Scott--any thoughts after today's numbers??

Steve Fulton

Scott Grannis said...

I didn't see anything scary in today's numbers. Retail sales took a dip, but they do that quite often; they are still up 3-4% over the past year. The PPI was a bit negative, but year over year inflation is still 1.5-2.0%. So I think we're just seeing an intensification of the fears associated with a Eurozone slowdown and the Ebola threat. Lots of emotions out there.

The plunge in oil prices is not a scary harbinger of deflation, it is a welcome breath of fresh air for most global economies. Energy is becoming more reasonably priced. It's bad for oil producers like Venezuela and Russia, where conditions are already dicey and likely to get much worse.

Steve Fulton said...

That was pretty much my thoughts. I am long a fair amount of duration in both REITs and long munis. I was thinking of moving some of that risk out of duration and into stocks (mostly boring-high dividend stocks).

Unknown said...

Scott,

Given that I have a large position in the S&P 500 in both retirement and non-retirement and have a long investing horizon ..... would you sell and re-buy when things settle down or hold?

Thanks for the insights.

-Tyler

Scott Grannis said...

Re whether to sell or not: with a long time horizon I don't think it's wise to sell in the midst of a panic like this.

Scott Grannis said...

Re oil and deflation. The Fed is well aware that it cannot and should not attempt to control oil prices. That is why the Fed focuses on the PCE Core deflator, which is registering inflation of about 1.5%.

Also: people tend to forget that falling oil prices free up spending power that could result in higher prices for other things.

Anonymous said...

I think the fear is that consumers won't spend the money saved on lower energy prices and will save it instead.

Oh my gosh. Did you read Lockheed made a breakthrough in fusion? While that doesn't reflect directly on liquid transportation fuels, it is a harbinger of lower energy prices. Now for sure we will go into a deflationary spiral. (sarcasm alert)

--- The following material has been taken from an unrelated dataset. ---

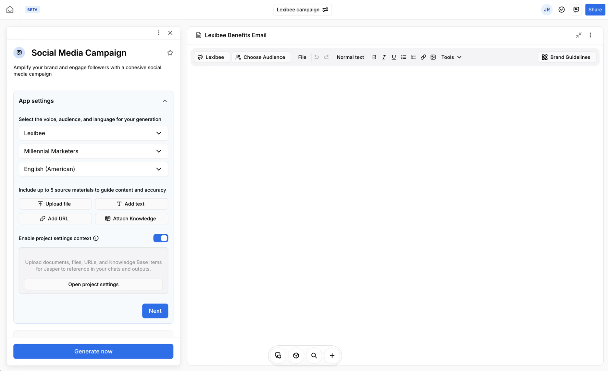 This is thanks to Jasper’s Brand IQ feature, which stores key company facts, product details, and messaging pillars for use across future prompts. The idea is that, once trained on a brand’s tone of voice, Jasper applies it to new content automatically.

Seriously, nothing could be better for the world, especially developing countries, than low cost energy from fusion. This story is the most optimistic thing I had read in a long time. It means the environmental hypocrites will have nothing to annoy us with any longer. No sarcasm.

Scott Grannis said...

Thanks for the Lockheed news. Sooner or later, it seems, we'll have fusion power, and that would indeed change the future in incalculable ways. Never underestimate man's ingenuity.

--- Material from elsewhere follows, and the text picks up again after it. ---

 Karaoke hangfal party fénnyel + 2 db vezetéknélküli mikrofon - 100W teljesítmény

For that reason alone I remain a rational optimist.

As for consumers saving and that being a bad thing: people seem to ignore the fact that all money saved (at least the part that isn't stuffed under a mattress) must perforce be spent by the person who is the recipient of the savings.

Savings is not necessarily good or bad. What matters is how the money saved is spent: is it spent productively or not?